O “bolo” era uma mentira. Sempre foi intenção desta inesquecível inteligência artificial enganar Chell no seu percurso. Lá se redimiu (mais ou menos) no segundo jogo, mas no primeiro, a sua voz monocórdica e cheia de sarcasmo, dá-nos ganas de prosseguir e provar que, afinal, as máquinas não são superiores aos humanos. O que faz de GLaDOS tão genial é que raras vezes a vemos mas ouvimo-la muitas, mesmo muitas vezes ao longo do jogo. E o que diz é quase sempre uma farpa ou uma mentira.

3. Vaas Montenegro (Far Cry 3)

A frase icónica, “alguma vez vos falei da definição de insanidade?”, nunca mais será desassociada desta personagem, nem de Far Cry 3. Vaas foi, na altura e ainda hoje, uma revolução na forma como os vilões são representados em videojogos. A sua conversa no arranque do jogo e posteriores diálogos revelam uma sociopatia apurada. Eventualmente, motivam-nos para o procurar e terminar com a sua demência, vingando os nossos amigos. A definição de loucura, Vaas, és tu!

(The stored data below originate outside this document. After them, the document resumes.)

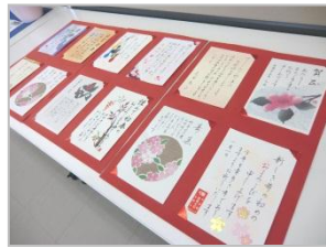
お正月らしい年賀状や羽子板の作品も素敵です。
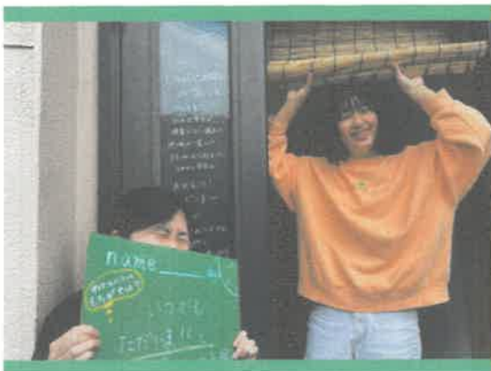
地域とつながる 拠点・交流事業

人口最少県・鳥取を拠点に、Z世代の関係人口を創出することで、 “だれもが自分と社会の未来にワクワクできる日常”を共創する企画会社です。
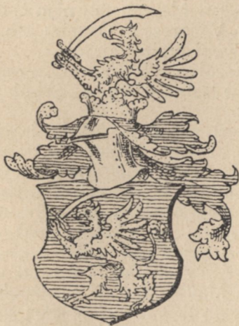
Szunyogszegi Mayláth cimerek változatai.

szlávban pedig lécet, vagy deszkát, tehát házvédő eszközt jelent. Majlát tehát az ő szlávban annyit tett, mint „páncéлом“ „védőm“.
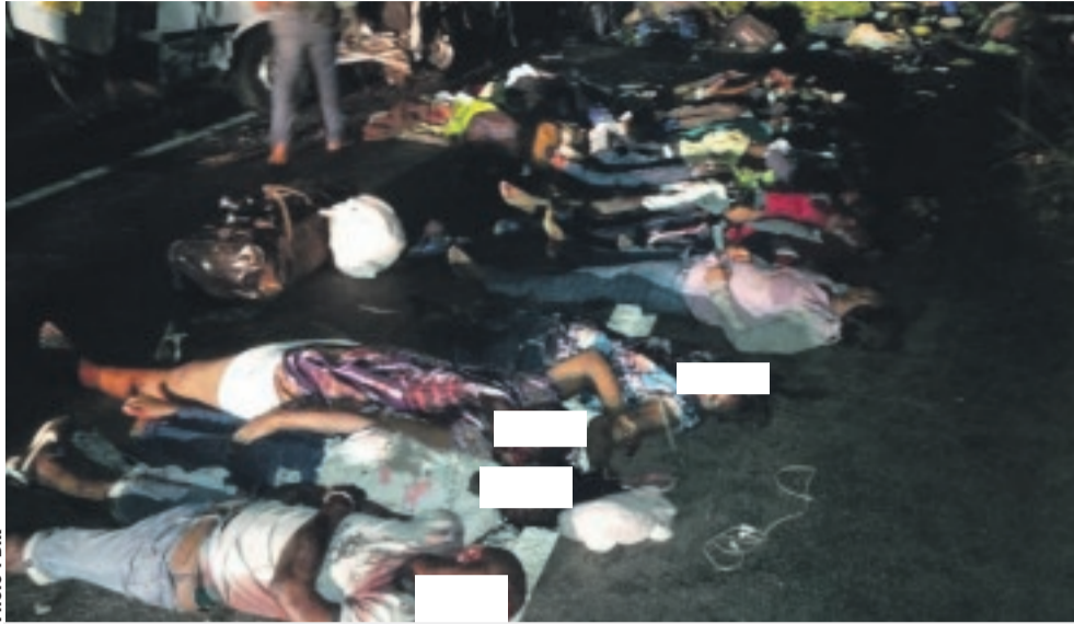
Les 14 morts sur-le-champ après l'impact.
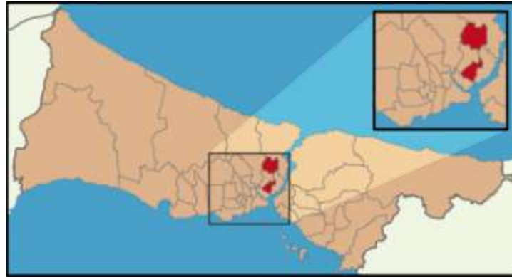
Harita 2 – Şişli İlçesi Konumu

İstanbul'un merkezinde yer alan Şişli güneyinde Beyoğlu, doğusunda Beşiktaş, kuzeyinde ve batısında Kağıthane ilçeleri ile çevrilidir. Şişli çok çeşitlilik gösteren bir bölge olup, her sınıftan ofis binasını, yeni karma projeleri, alışveriş merkezlerini, konut bölgelerini, beş yıldızlı otelleri ve konferans merkezlerini bünyesinde barındırmaktadır. İlçe kuzeyde Mecidiyeköy ve Zincirlikuyu üzerinden Ayazağa'yı da içine alarak Sarıyer'e, kuzeybatıda ise Hürriyet-i Ebediye Tepesi üzerinden Kağıthane'ye kadar geniş bir alana yayılır. Adrese Dayalı Nüfus Kayıt Sistemi verilerine göre ilçenin 2012 yılı nüfusu 318.217 kişidir ve toplam yüzölçümü 30 km 2 olan ilçe idari olarak 28 mahalleden oluşmaktadır.

2. Frau Engel (Wolfenstein II: The New Colossus)

Não há muita coisa a jogar a favor desta antagonista. É irritantemente persistente, difícil de matar, tem uma voz de sociopata que dá arrepios e é uma fanática Nazi. Embora não seja realmente a vilã principal do primeiro jogo, ganha a devida preponderância no segundo. Tudo começa com uma cena em que conhecemos esta “simpática” senhora numa viagem de comboio. Nada nos faz antever que acabamos a desfigurá-la e (literalmente) perder a cabeça para terminar a sua existência.

1. The Joker (Batman: Arkham Knight)

O facto de ser o eterno vilão da banda-desenhada e filmes de Batman, faz com que automaticamente seja um antagonista inesquecível nesta série. Ser interpretado pelo mesmo actor da famosa série animada, Mark Hamill, ainda o eleva mais na nossa preferência. Tanto pelas suas artimanhas ao longo da série, como pela sua omnipresença neste derradeiro jogo da trilogia. Tal como Bruce Wayne, só queremos que o seu sofrimento acabe… E acaba mesmo, para ambos. A herança, porém, é indelével e provavelmente nunca mais teremos um Joker deste calibre.